US weekly initial unemployment claims fell -21,000 to 221,000, showing a stronger labor market than expectations of 233,000.
US Q4 nonfarm productivity was revised upward to 1.5% from the previously reported 1.2%. Q4 unit labor costs were revised lower to 2.2% from the previously reported 3.0%.
The US Jan trade deficit was a record -$131.4 billion, wider than expectations of -$128.8 billion.
Market attention for the rest of this week will focus on Friday’s Feb nonfarm payroll report (expected to rise by +160,000) and the Feb unemployment rate (expected to remain unchanged at 4.0%). Also, Feb average hourly earnings are expected to be unchanged from Jan at +4.1% y/y. In addition, Fed Chair Powell on Friday gives the keynote speech on the economic outlook at Chicago Booth’s 2025 US Monetary Policy Forum.
The markets are discounting the chances at 7% for a -25 bp rate cut at the next FOMC meeting on March 18-19.
EUR/USD (^EURUSD) today is up by +0.39% at a 4-month high. Soaring Eurozone government bond yields are strengthening the euro’s interest rate differentials after the 10-year German bund yield rose to a 16-month high today. The euro extended its gains after the ECB cut interest rates, as expected, but said interest rates were less restrictive, bolstering speculation the ECB may be close to ending its rate-cutting cycle.
Eurozone Jan retail sales unexpectedly fell -0.3% m/m, weaker than expectations of a +0.1% m/m increase.
The ECB, as expected, cut the deposit facility rate by 25 bp to 2.50% from 2.75% and said interest rates are “becoming meaningfully less restrictive.” The ECB cut its Eurozone 2025 GDP forecast to 0.9% from 1.1% and cut its 2025 inflation ex-food and energy forecast to 2.2% from 2.3%.
Swaps are discounting the chances at 78% for a -25 bp rate cut by the ECB at the April 17 policy meeting.
USD/JPY (^USDJPY) today is down by -0.55%. The yen rallied to a 5-month high against the dollar today after Japan’s largest labor union demanded the biggest wage increase since 1993, which may prompt the BOJ to keep raising interest rates. Soaring Japanese government bond yields are also strengthening the yen’s interest rate differentials after the 10-year JGB bond yield jumped to a 15-year high today of 1.553%. The yen fell back from its best level after T-note yields rose, a bearish factor for the yen.
Japan’s biggest union group is demanding a 6.09% wage increase this year, the largest since 1993 and a hawkish development for BOJ policy.
April gold (GCJ25) today is up +2.20 (+0.08%), and May silver (SIK25) is up +0.211 (+0.64%).
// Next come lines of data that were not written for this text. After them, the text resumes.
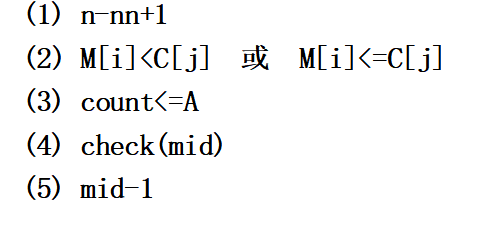 bool check(int nn){int count = 0,i,j;i = ____(1)_____;j = 1;while(i <= n){if(___(2)_______)count += C[j]-M[i];i++;j++;}return ____(3)____;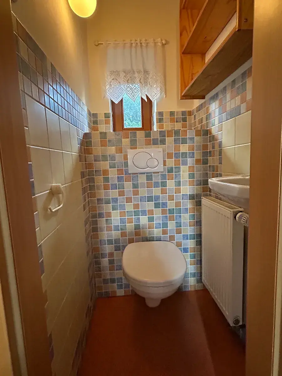 Naproti pokojům se nachází pěkná koupelna (6 m2) se sprchovým koutem, toaletou a pračkou.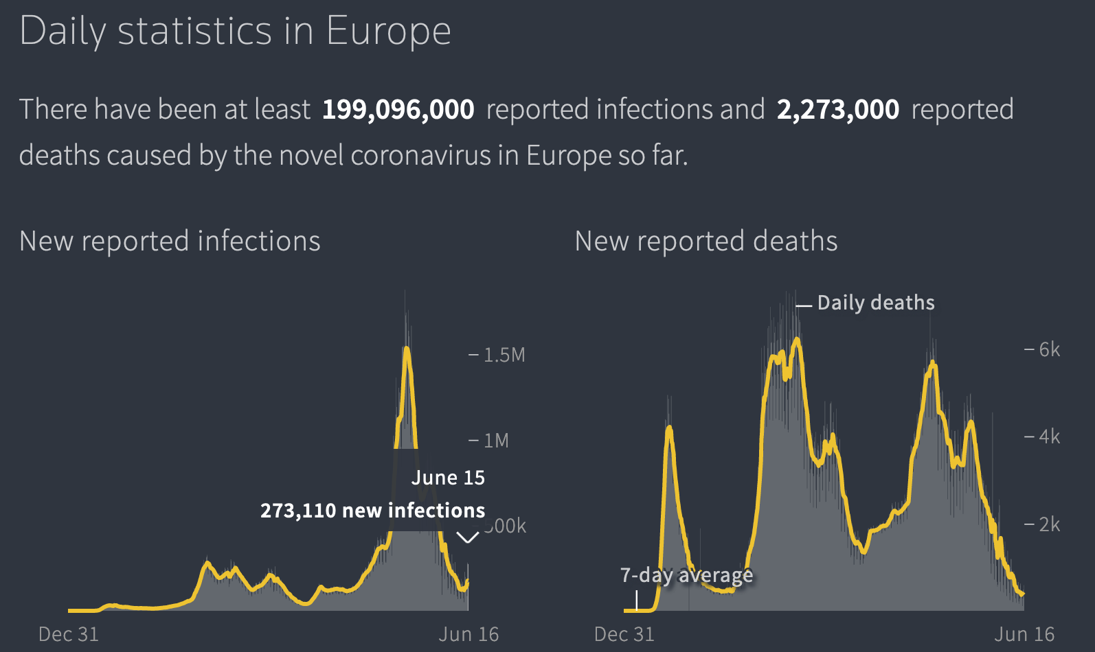 Začiatkom júna mala Európa (s Ruskom) pri 750 miliónoch prípadov asi 750 tisíc pozitívnych za týždeň. Od začiatku júna Európa rastie, pričom predminulý týždeň bolo pozitívnych 1 milión a za posledných 7 dní je to 1,25 milióna. Rast je 25%.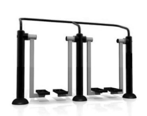 - Les pièces additionnelles, caches boulonnerie, assises, cale-pieds, sont en polyéthylène basse densité, traité anti-UV, anti-statique et anti-rayure, pour donner à l'appareil le maximum de mesure de sécurité.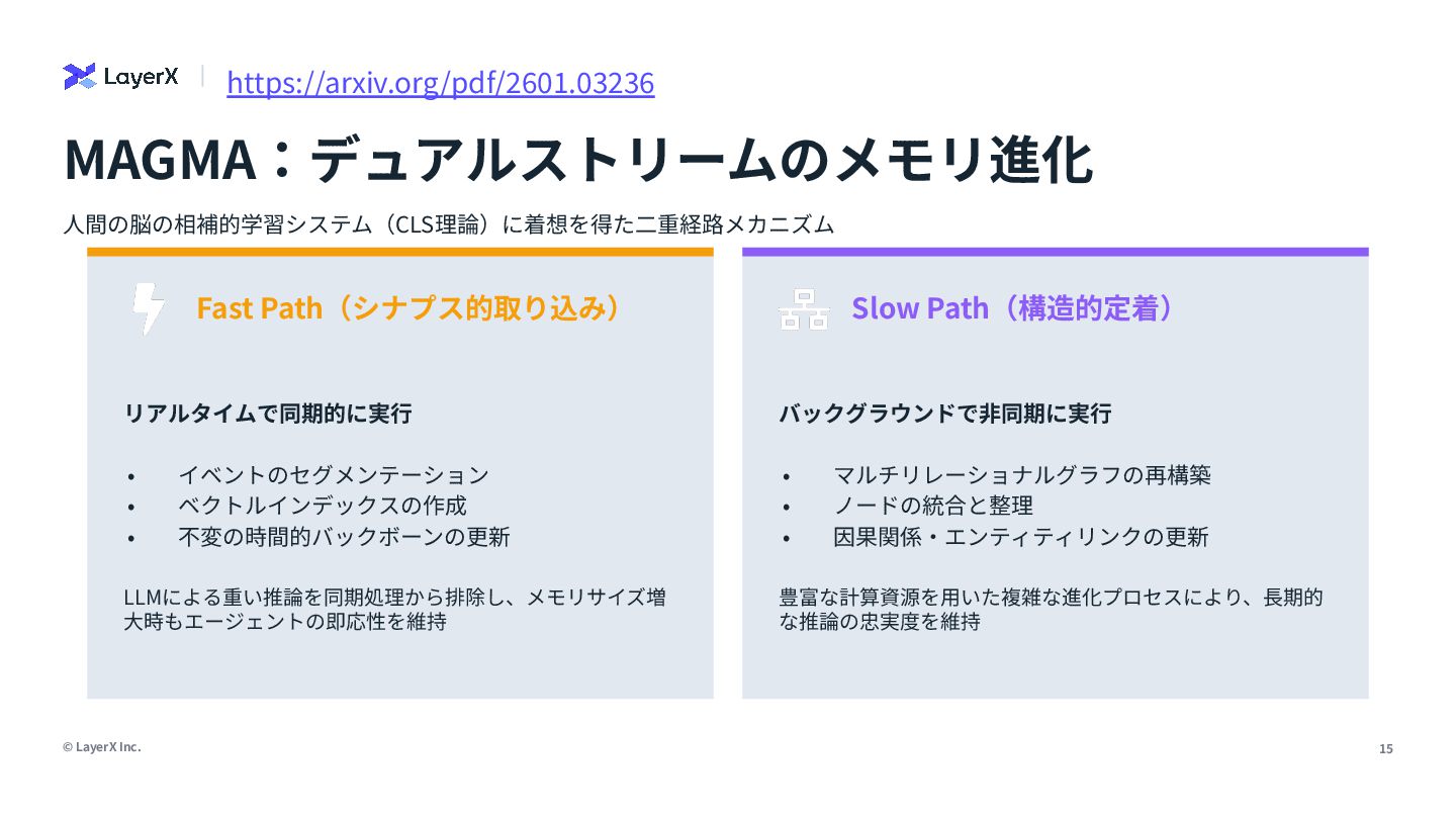 ベクトルインデックスの作成 • 不変の時間的バックボーンの更新 LLMによる重い推論を同期処理から排除し、メモリサイズ増 ⼤時もエージェントの即応性を維持 Slow Path(構造的定着) バックグラウンドで⾮同期に実⾏ • マルチリレーショナルグラフの再構築 • ノードの統合と整理 • 因果関係‧エンティティリンクの更新 豊富な計算資源を⽤いた複雑な進化プロセスにより、⻑期的 な推論の忠実度を維持 ⼈間の脳の相補的学習システム(CLS理論)に着想を得た⼆重経路メカニズム MAGMA:デュアルストリームのメモリ進化 https://arxiv.org/pdf/2601.03236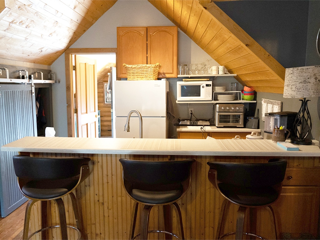 The Bird's nest has a unique spiral staircase with decks on the front and back. Front room has a twin bed and a trundle bed. The living room and kitchen bar area is very open and full of light. The living room has a 55" flatscreen with a large sectional sofa. All new appliances, dishwasher, with every kitchen need you might have. Bathroom has full shower/tub and lots of storage area. Bedroom has queen bed and lots of dresser storage area. 32" flatscreen TV. A beautiful walk out 2 story deck.

Precious metals prices today recovered from early losses and are slightly higher. Today’s fall in the dollar to a 4-month low is bullish for precious metals. Also, today’s stock selloff has boosted safe-haven demand for precious metals. In addition, today’s action by the ECB to cut interest rates boosts demand for precious metals as a store of value. Finally, precious metals still have strong safe-haven demand after US tariffs went into effect Tuesday against Canada, China, and Mexico, and Canada and China retaliated with their tariffs on US goods. Fund buying supports gold prices as long gold positions in ETFs rose to a 15-month high Wednesday.
Precious metals today initially moved lower on soaring global bond yields after the 10-year German bund yield climbed to a 16-month high and the 10-year Japan JGB bond yield jumped to a 15-year high. Also, today’s hawkish post-ECB meeting statement weighed on precious metals when the ECB said interest rates are “becoming meaningfully less restrictive.” Silver prices are also under pressure because of the concern that US actions to impose tariffs will lead to a global trade war that undercuts economic growth and industrial metals demand.